Peter said:
Thanks steep ...
... here is an attempt (which I fear is a bit rough around the edges ...)To show $$\sum x_n$$ is convergent using the Cauchy Criterion (for the sequence of partial sums ...) we need to show ... ...... that for each $$\epsilon \gt 0 \ \exists$$ an integer N such that $$\ \forall \ m, n \geq N$$ we have $$\mid s_m - s_n \mid \lt \epsilon$$ ... ...Assume $$m \gt n$$ ... then ...$$\mid s_m - s_n \mid \ = \ \left\vert \ \sum_{ k= n + 1 }^m x_k \ \right\vert $$ $$\Longrightarrow \mid s_m - s_n \mid \ \leq \ \sum_{ k= n + 1 }^m \mid x_k \mid$$ ( I think this step is correct... ... maybe this was the time to use Triangle Inequality ? )$$\Longrightarrow \mid s_m - s_n \mid \ \leq \ \sum_{ k= n + 1 }^m c_n \text{ for } n \geq N_0$$ $$\Longrightarrow \mid s_m - s_n \mid \ \lt \ \epsilon$$ since $$\sum c_n$$ is convergent ( and hence $\displaystyle\lim_{ n \to \infty} c_n = 0 )$
I am very dubious that above is correct as I didn't use the triangle inequality ... which is supposedly necessary ...
Peter
You
did use triangle inequality, on the second line where you wrote "I think this step is correct..." that is precisely the triangle inequality.

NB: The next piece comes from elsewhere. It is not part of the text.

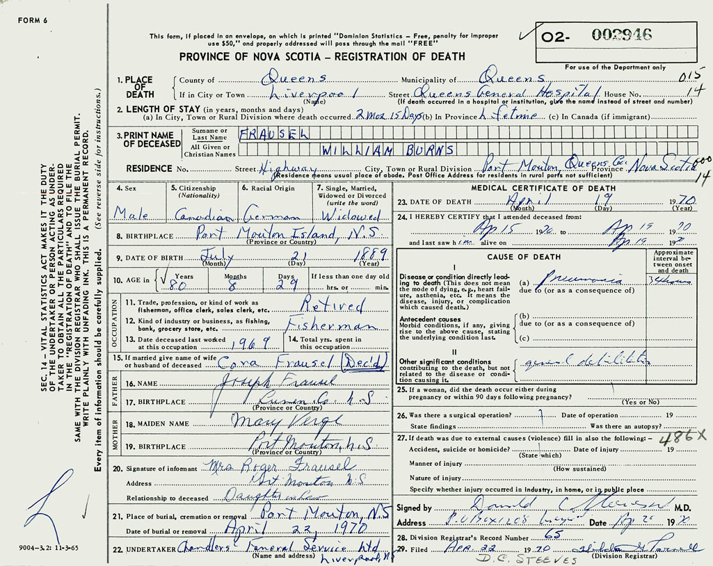 PROVINCE OF NOVA SCOTIA — REGISTRATION OF DEATH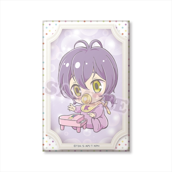 思い出のフォトスタンド風デザインの長方形型缶バッジ。バッグに付けて持ち歩くことはもちろん、部屋に飾って楽しむこともできる。デザインはフォトスタンド風となっているが、実際にスタンドは付属していない。

if it helps, you can re-write it in vector algebra as
$\left\vert \ \sum_{ k= n + 1 }^m x_k \ \right\vert$
$ = \big \Vert \mathbf x_{n+1} + \mathbf x_{n+2} + ... + \mathbf x_m \big \Vert_1$
$ \leq \big \Vert \mathbf x_{n+1}\big \Vert_1 + \big \Vert \mathbf x_{n+2} \big \Vert_1 + ... + \big \Vert \mathbf x_m \big \Vert_1 $
$= \sum_{ k= n + 1 }^m \mid x_k \mid $
where $\mathbf x_k = x_k \cdot \mathbf e_1$ (the 1st standard basis vector in say $\mathbb C^2$). Writing it out like this isn't needed but, may make it more obvious that you are applying triangle inequality. = = = =
so taking what you have, I suppose I'd write it as $$\mid s_m - s_n \mid \ $$
$$ = \ \left\vert \ \sum_{ k= n + 1 }^m x_k \ \right\vert $$
$$ \leq \ \sum_{ k= n + 1 }^m \mid x_k \mid$$
$$= \sum_{ k= n + 1 }^m c_n $$
$$\lt \ \epsilon$$
i.e. we know the partial sums for $c_n$ are Cauchy Sequences because the we know the series involving $c_n$ converges to a finite limit (and one implies the other in single variable analysis).
= = = =
edit:
one word of caution -- I didn't follow why you said
$$\sum c_n$$ is convergent ( and hence $\displaystyle\lim_{ n \to \infty} c_n = 0 )$
and in particular that $c_n \to 0$
The point really is that $c_n \to 0$ rapidly -- i.e. the series converges and hence the sequences of partial sums involving $c_n$ are Cauchy.